Post Mortem concerns a serial killer who is on the loose, three women having been brutalised and strangled in their bedrooms, the deaths particularly gruesome. While Detective Marino comes across as a bit of a slob, there grows between him and Scarpetta a mutual respect as they begin to hunt down the killer. The wealth of detail about the pathologist’s research is never heavy-handed, the supplemental characters are interesting, and Scarpetta’s humanity well matches Marino’s cynicism. To compound matters, she has to combat male chauvinism and, worse, somebody has broken into her office computer system and she is being blamed for leaks to the press!

Suspenseful and well written. By now of course Cornwell is a legend among crime writers. This is where it all began.

PS – I never knew she was a descendant of abolitionist and writer Harriet Beecher Stowe (source: Wikipedia).

Friday, 15 May 2015

FFB - Perfect Cover

It seemed that Perfect Cover, co-authored by Linda Chase and Joyce St George, published in 1994, promised to be the first in a series, but that didn’t happen.

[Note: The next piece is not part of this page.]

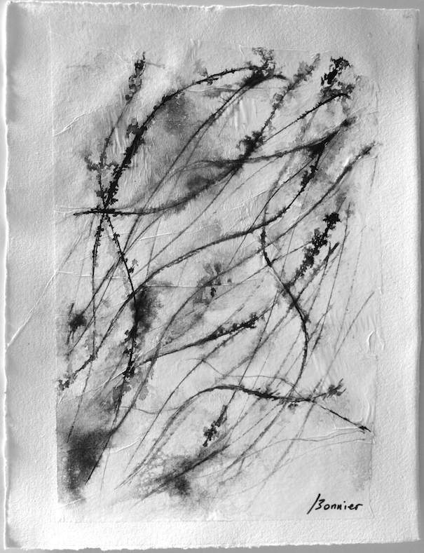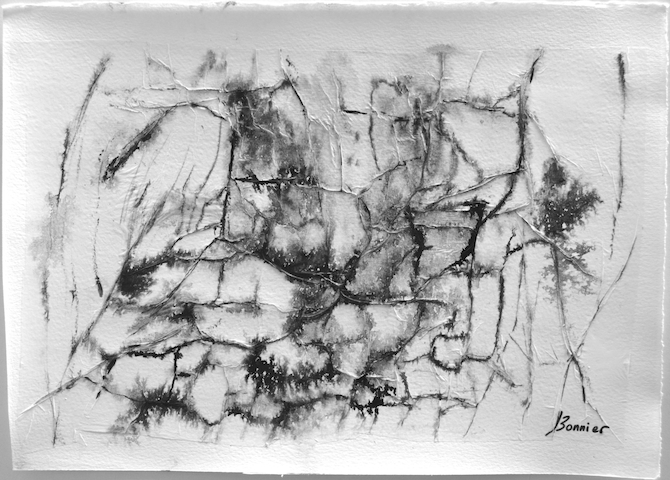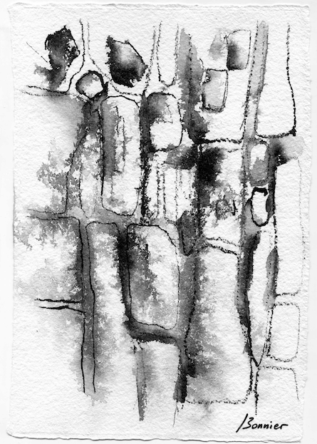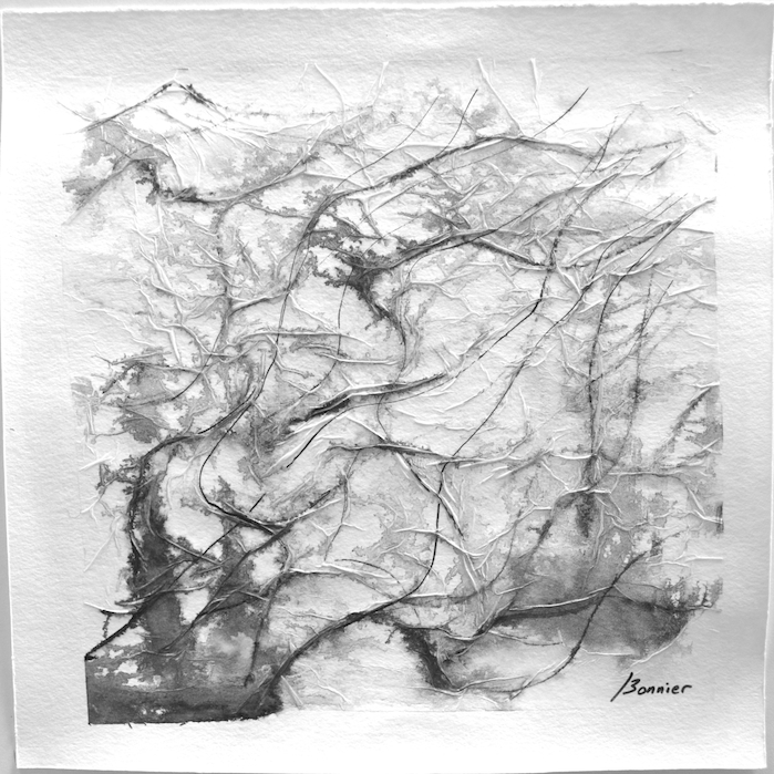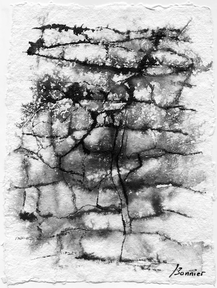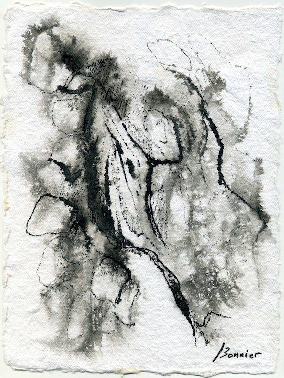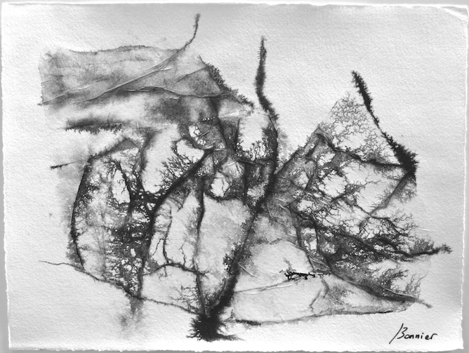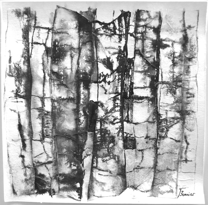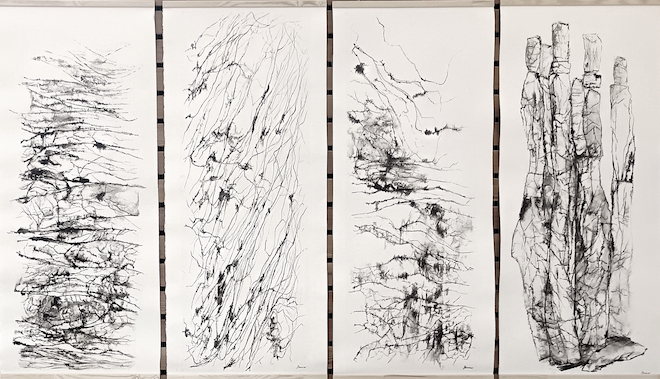 Dessins sur papier bambou à l’encre sur collages

The events in this book are inspired by actual experiences and cases that Joyce St. George encountered during her six years as the first female special investigator for the Special State Prosecutor, an arm of the NY State Attorney General’s office: to investigate and prosecute cases of corruption and brutality within the criminal justice system of New York city. An interesting mix of third and first person narratives is deployed so we can get inside other characters’ heads as well as that of tough sexy half-Puerto Rican Tina Paris.

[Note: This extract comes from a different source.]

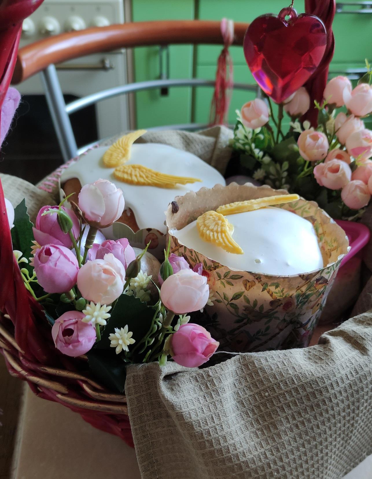 Ну и, как положено, всем добра =) И фото моей пасхальной корзинки. В этот раз куличи у меня с крылышками. Ангел в гости прилетал, да крылышки и обронил. А я не растерялась, взяла их, и на куличики пристроила =) И, да, куличи мои в три дома в этот раз пошли - двоим подругам, у которых мамы болеют, и свекру, конечно. Вкусные куличи, правда-правда =) Вот =)

Tina is trying to nail a nasty piece of work, police officer Calvert, while a nameless psycho picks up young women and plays Russian roulette with a revolver while raping them… Inevitably, a woman is killed.

The in-depth description of Tina’s work undercover, the frustrations of police duty, the prevarications of witnesses frightened for their lives, and the dedication of many NY cops, add to a fast-paced story where many threads come together in a suspense-filled denouement.

 

Friday, 27 March 2015

FFB - Good Omens


Good Omens was co-written by Terry Pratchett and Neil Gaiman, and originally published in 1990. It may seem apt to post this review since Sir Terry Pratchett has recently died. I reviewed this in 1990 when it came out in paperback:

‘I’ve enjoyed Gaiman’s writing for DC Comics, and of course love Pratchett’s Discworld books, and pleasure of pleasures, the combination works well.

‘It’s an Omen spoof, where the anti-Christ child ends up with the wrong parents. Aziraphale is the sort-of good angel (and part-time rare-book dealer who teams up with the sort-of bad Crowley (‘an angel who did not so much Fall as Saunter Vaguely Downwards’). They get together to prevent the imminent Armageddon (next Saturday, apparently) because they like the status quo just as it is.

‘There are many amusing scenes, from the absent-minded evil nuns at the baby hospital to the Four Apocalyptic Horsepersons vying with some Hell’s Angels no less. The humans are an even stranger lot, which is to be expected, I suppose.

‘It’s daft, lovely, full of compassion and cleverly done Just Williamesque kids whose logic is priceless. If William Brown had ever been considered the son of the devil by all those poor folk who suffered in his books, then they’d be surprised at how his alter ego (Adam, the anti-Christ!) turns out.’

This was Gaiman’s debut as a novelist, though he had already gained a large readership through the medium of comics. Since then of course he has written seven books, some collaborations and won several awards.